Dans le document L'opposition public-privé (Page 150-155)

La logique des prédicats « public » et « privé »

1.1. La règle de contrariété

L’étude portant sur la Grèce antique nous a permis de voir comment a émergé la règle de contrariété et de nous en faire une première idée, soutenue par ailleurs au moyen des exemples donnés ci-dessus (voir partie I, 2.1.1). Nous pouvons donc considérer que ce qui suit n’est pas une construction logique ex nihilo, mais bien la description au moyen d’outils logiques d’un phénomène langagier préalablement établi. Il s’agit alors de donner une description détaillée de la règle de contrariété, c’est-à-dire d’expliquer les règles qui la composent et d’en donner une formulation définitive.

1.1.1. Première règle

Comme nous l’avons vu, les mots « public » et « privé » sont employés usuellement en tant que prédicats. En repensant à l’exemple du jardin public, nous pouvons considérer que ce genre d’expression est prédicatif et que la copule « est » est simplement implicite. Par exemple, « ce lieu public est vaste » et « ce lieu est public et vaste » sont des expressions équivalentes. La forme générale des propositions dont il est question est donc de type « sujet-prédicat ». Considérons alors que « x » représente un sujet auquel il est correct de lier nos prédicats en vertu des règles qui vont suivre. Disons pour l’instant que c’est le nom d’un objet particulier quelconque, comme « tel lieu ». Les propositions primaires sont dès lors « x est public » ou « x est privé ».

« Public » et « privé » formant un couple de contraires, la première règle de prédication est la suivante :

(R1) « Public » et « privé » ne sont pas conjointement vrais de x.

Ainsi, si « public » est vrai de x, alors « privé » est faux de x et vice versa ; la conjonction de la forme « x est public et privé » est donc logiquement contradictoire. A titre de confirmation, notons que le langage ordinaire ne contient pas d’expressions contradictoires de ce genre et que lorsqu’une contradiction semble émerger, elle n’est qu’apparente. En outre, selon R1, il n’y a pas de degrés intermédiaires entre ce qui est public et ce qui est privé.
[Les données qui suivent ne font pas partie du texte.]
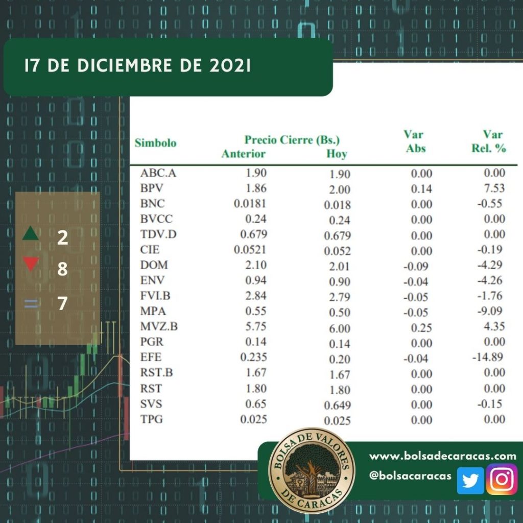 El índice principal de la Bolsa de Valores de Caracas, el IBC, culminó este viernes en 5.713,36 puntos con una variación de 92,57 puntos (+1.65%) con respecto a la sesión anterior.

Par exemple, x ne peut pas être « un peu privé et principalement public ». Toutefois, on peut par hypothèse envisager des degrés internes à chacun des prédicats, comme un x « peu privé », ou « très privé ». Mais cette hypothèse ne se vérifie en définitive que pour la double extension du prédicat « public », ma critique du modèle de l’oignon excluant toute autre possibilité (voir partie I, 2.1.2). En termes logiques, notre x « très privé » ou « peu privé » est d’abord privé tout court, c’est-à-dire non public294.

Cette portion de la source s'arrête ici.